Primary colors, biomorphic forms and serpentine shapes spill through the abstract space of Pat Adams's 31-by-23-inch watercolor and gouache on paper titled Ribbon of Breath (1954). A joyous account of the cosmos on something like the fourth day of creation, this vibrant work is further enlivened by a crumpling and subsequent flattening of the support. The piece recalls the watercolors of both Kandinsky and the Argentine modernist Xul Solar.

This exhibition of 38 paintings and works on paper made between 1954 and 2004 was a personal and professional milestone, commemorating an unflaggingly productive relationship between Adams and gallery owner Virginia Zabriskie, who has represented the artist and exhibited her work for 50 years.

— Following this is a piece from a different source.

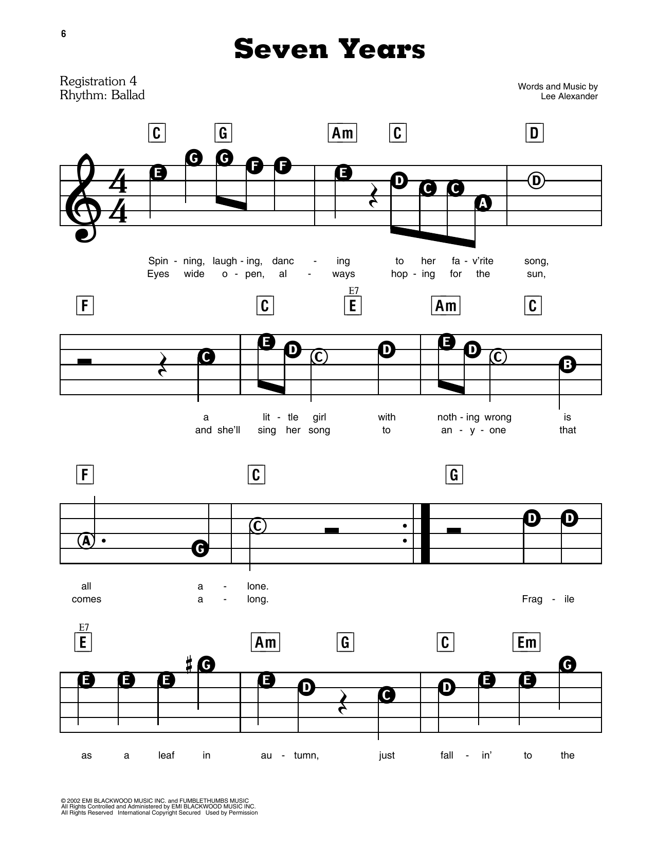 Informácie o notách Seven Years

As was evident from the examples included here, Adams was independent of the gestural concerns and preoccupation with size that characterized New York School painting at the inception of her career, and her work retains a sense of purposeful individuality.

Two small gouaches of 1957 share the density and luminosity associated with that medium. The Gyres II consists of handsomely brushed swirls of grays and dusty slate blues scattered with minuscule dots of brighter tones. The gaps between brush marks in the swooping ink and gouache of In Principio II reveal incidents of intense hues seemingly just beyond the picture plane. In the upper right Adams describes a single perfect circle with an outer band of an earthy tone, the inner a line of red circling a disk of yellow. Such circles and lines, plus arabesques and rectilinear passages, occur in most of the work that follows.

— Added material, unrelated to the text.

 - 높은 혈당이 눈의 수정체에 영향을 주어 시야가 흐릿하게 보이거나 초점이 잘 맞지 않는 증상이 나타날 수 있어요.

Adams's enjoyment of the juxtaposition of contained fields of acrylic, mica, sand and crayon radiates from a 19-by-11-inch painting titled In the Way of Sense (1977). Without overwhelming the eye, she reels through overlapping passages that include a sweeping band of pinkish-red with flecks of white and glistening mica, while in opposing corners, triangular forms imply rectilinear completion. In the midst of so much astral business, Adams introduces a relatively minute, intensely blue triangle edged by red and yellow, floating like some starship in elemental space.

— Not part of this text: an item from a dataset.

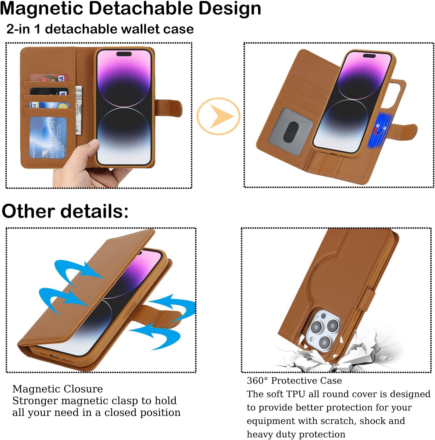 - Die abnehmbare 2-in-1-Brieftasche kann als einzelnes Etui verwendet werden, sodass Sie Ihre sperrige Brieftasche nicht durch das Haus tragen müssen, oder als Etui und Brieftasche können zusammen als Brieftasche verwendet werden.

In Other (1986), one disk appears to ride above another, eclipsed by a larger sphere. Next Text of 10 years later introduces three black spheres to one small white cube, organized like a roadmap through the stars. More recent works resolve in the rational organization of the grid, visual evidence of a concern for a clarity associated with the mathematics of truth and beauty. Throughout, Adams's work recalls Edna St. Vincent Millay's observation that "Euclid alone has looked on Beauty bare," and, fearless, she continues to move on.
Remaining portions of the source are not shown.